GIVEN MATERIAL START
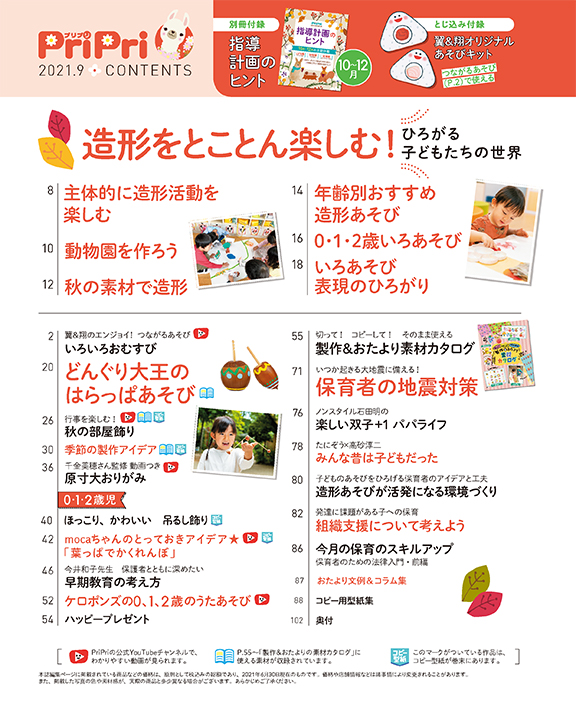 秋に向けて、この時期に取り組みたい「造形活動」と「自然あそび」を特集します。自分の経験を表現する、色の世界であそぶ、など子どもの発達の段階に合わせた造形活動の実例や工夫、取り組み方など造形のヒントがいっぱい。自然の中でどんぐりで楽しむゲームやワイワイ楽しいあそびのアイデアもご紹介しています。
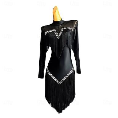 Danse Latine Robe Strass Gland Femmes Entraînement Performance manche longue Spandex Polyester
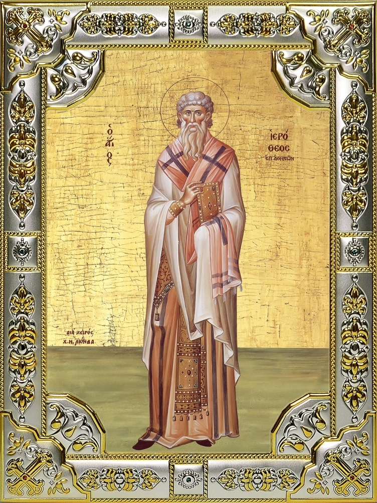 Святой Иерофей Афинский – один из первых христиан, обращенных апостолом Павлом. Он был членом афинского Ареопага, высшего судебного органа, и отличался глубоким знанием философии и мудростью. Приняв христианство, Иерофей стал епископом Афинским и ревностно проповедовал веру Христову.
GIVEN MATERIAL END
> PROBLEM DESCRIPTION:
Leave out the pictures and copy the rest of the material above exactly.

> WRITTEN SOLUTION:
 秋に向けて、この時期に取り組みたい「造形活動」と「自然あそび」を特集します。自分の経験を表現する、色の世界であそぶ、など子どもの発達の段階に合わせた造形活動の実例や工夫、取り組み方など造形のヒントがいっぱい。自然の中でどんぐりで楽しむゲームやワイワイ楽しいあそびのアイデアもご紹介しています。
 Danse Latine Robe Strass Gland Femmes Entraînement Performance manche longue Spandex Polyester
 Святой Иерофей Афинский – один из первых христиан, обращенных апостолом Павлом. Он был членом афинского Ареопага, высшего судебного органа, и отличался глубоким знанием философии и мудростью. Приняв христианство, Иерофей стал епископом Афинским и ревностно проповедовал веру Христову.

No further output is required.